▶ [BRIEF]: The answer is the data below, repeated exactly, with no pictures included.

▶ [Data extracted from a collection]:
+===+
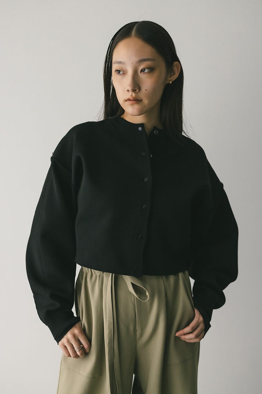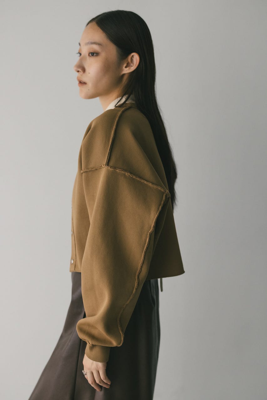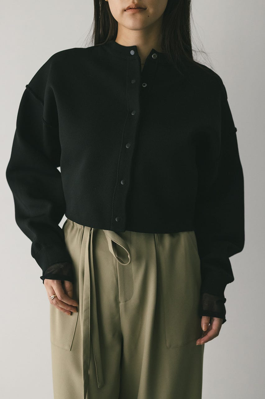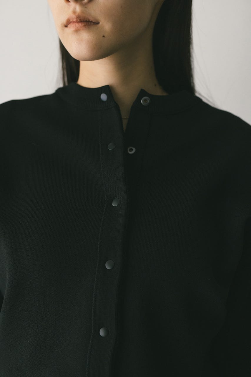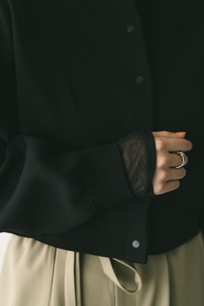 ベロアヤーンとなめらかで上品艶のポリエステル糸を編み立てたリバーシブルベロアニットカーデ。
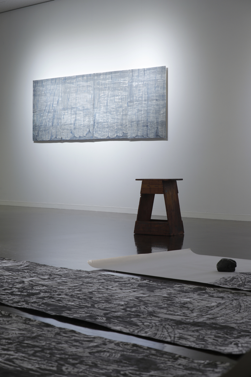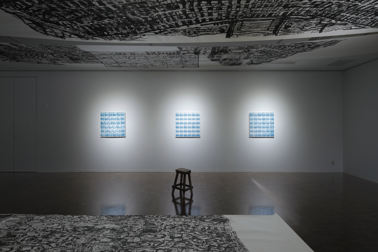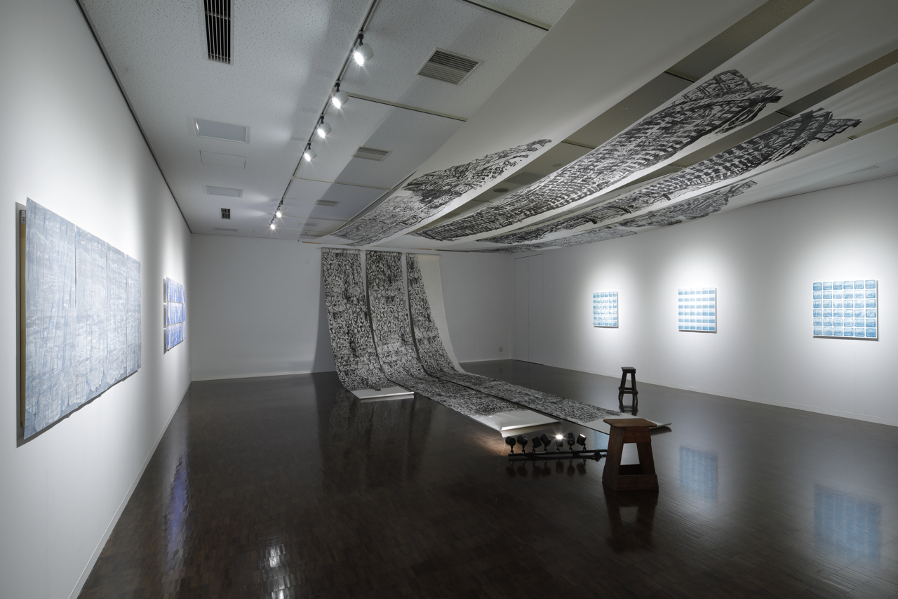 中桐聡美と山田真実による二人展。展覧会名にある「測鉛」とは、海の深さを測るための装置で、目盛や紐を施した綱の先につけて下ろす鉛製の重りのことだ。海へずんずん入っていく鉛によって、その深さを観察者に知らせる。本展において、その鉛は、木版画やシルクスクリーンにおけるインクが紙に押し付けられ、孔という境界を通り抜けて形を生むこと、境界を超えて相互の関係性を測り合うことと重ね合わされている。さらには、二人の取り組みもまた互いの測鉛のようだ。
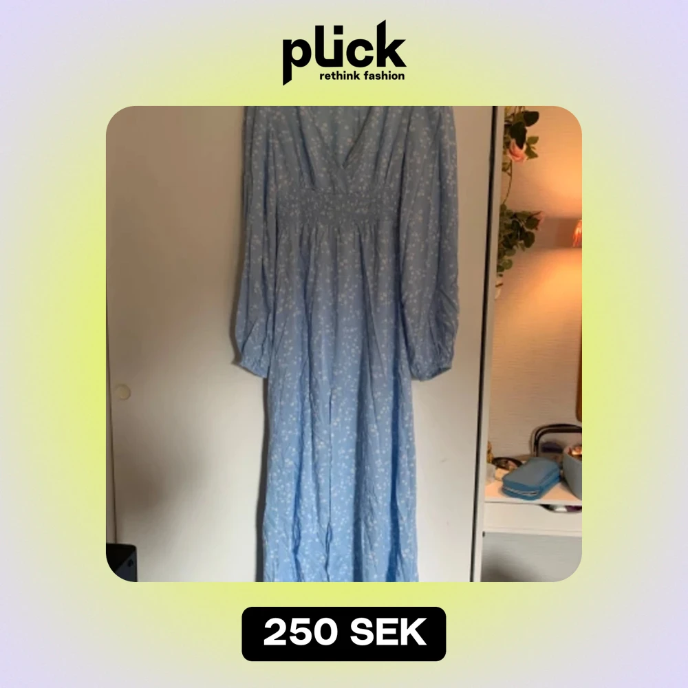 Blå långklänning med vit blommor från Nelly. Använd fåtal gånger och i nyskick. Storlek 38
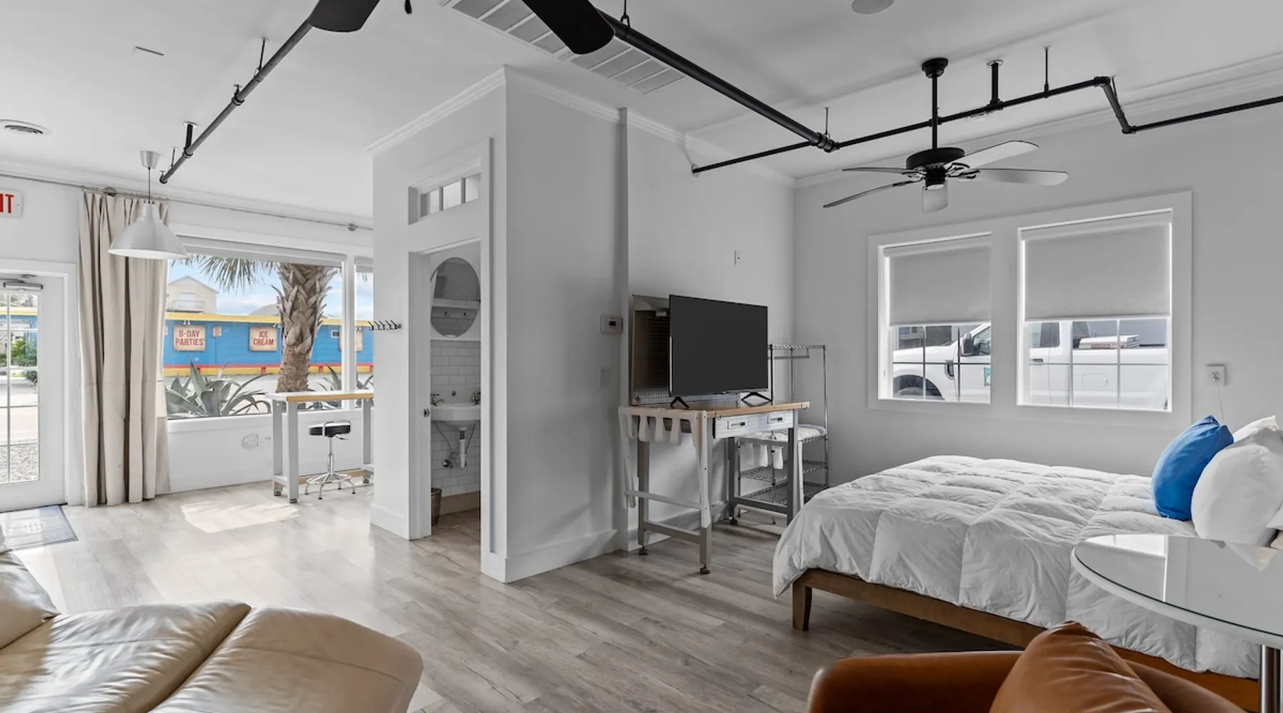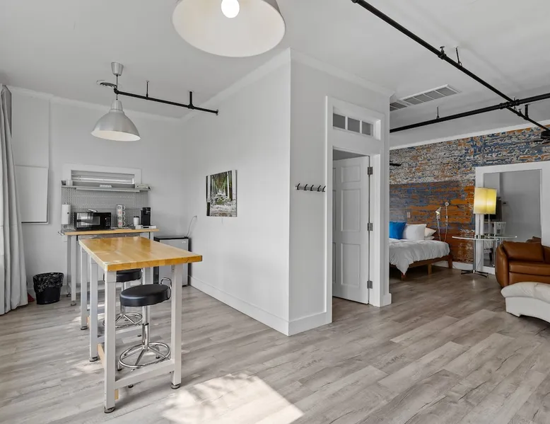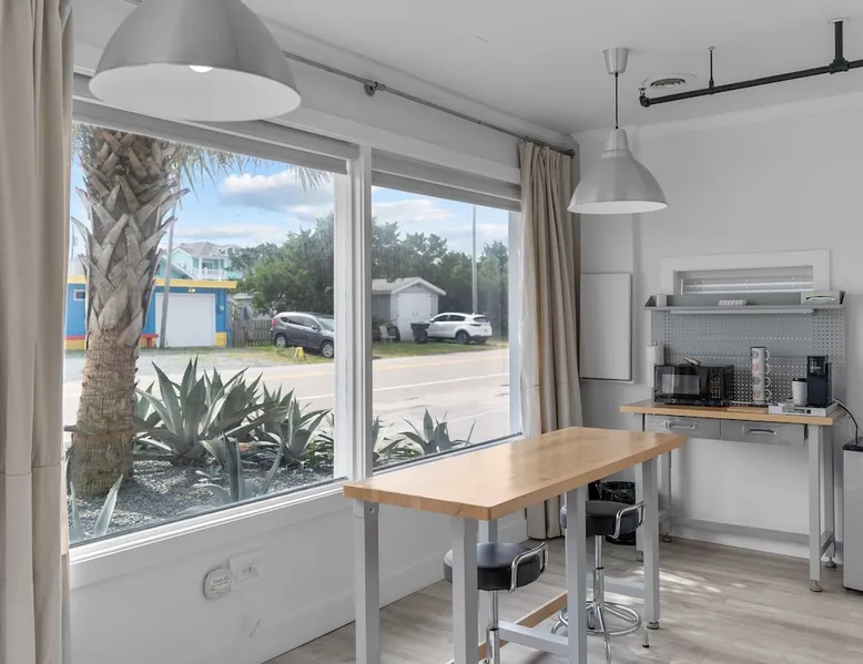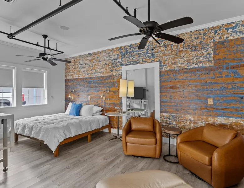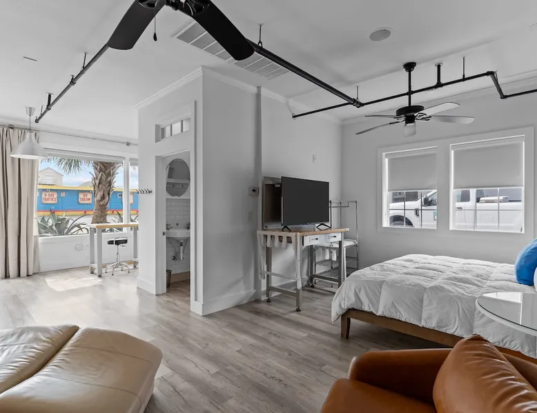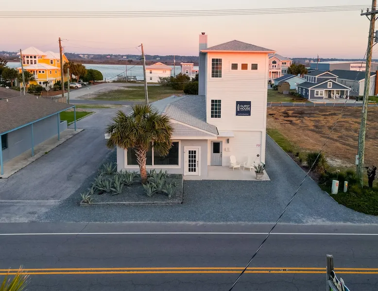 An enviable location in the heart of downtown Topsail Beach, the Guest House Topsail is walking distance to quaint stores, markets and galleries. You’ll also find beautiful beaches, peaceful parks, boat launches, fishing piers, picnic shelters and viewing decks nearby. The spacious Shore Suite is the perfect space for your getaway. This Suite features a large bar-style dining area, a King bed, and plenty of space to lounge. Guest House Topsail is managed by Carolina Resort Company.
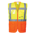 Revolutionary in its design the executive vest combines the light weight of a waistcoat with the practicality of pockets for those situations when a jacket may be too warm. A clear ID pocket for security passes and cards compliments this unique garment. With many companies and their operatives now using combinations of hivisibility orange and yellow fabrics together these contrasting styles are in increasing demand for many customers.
+===+
▶ [RESPONSE TO THE TASK]:
 ベロアヤーンとなめらかで上品艶のポリエステル糸を編み立てたリバーシブルベロアニットカーデ。
 中桐聡美と山田真実による二人展。展覧会名にある「測鉛」とは、海の深さを測るための装置で、目盛や紐を施した綱の先につけて下ろす鉛製の重りのことだ。海へずんずん入っていく鉛によって、その深さを観察者に知らせる。本展において、その鉛は、木版画やシルクスクリーンにおけるインクが紙に押し付けられ、孔という境界を通り抜けて形を生むこと、境界を超えて相互の関係性を測り合うことと重ね合わされている。さらには、二人の取り組みもまた互いの測鉛のようだ。
 Blå långklänning med vit blommor från Nelly. Använd fåtal gånger och i nyskick. Storlek 38
 An enviable location in the heart of downtown Topsail Beach, the Guest House Topsail is walking distance to quaint stores, markets and galleries. You’ll also find beautiful beaches, peaceful parks, boat launches, fishing piers, picnic shelters and viewing decks nearby. The spacious Shore Suite is the perfect space for your getaway. This Suite features a large bar-style dining area, a King bed, and plenty of space to lounge. Guest House Topsail is managed by Carolina Resort Company.
 Revolutionary in its design the executive vest combines the light weight of a waistcoat with the practicality of pockets for those situations when a jacket may be too warm. A clear ID pocket for security passes and cards compliments this unique garment. With many companies and their operatives now using combinations of hivisibility orange and yellow fabrics together these contrasting styles are in increasing demand for many customers.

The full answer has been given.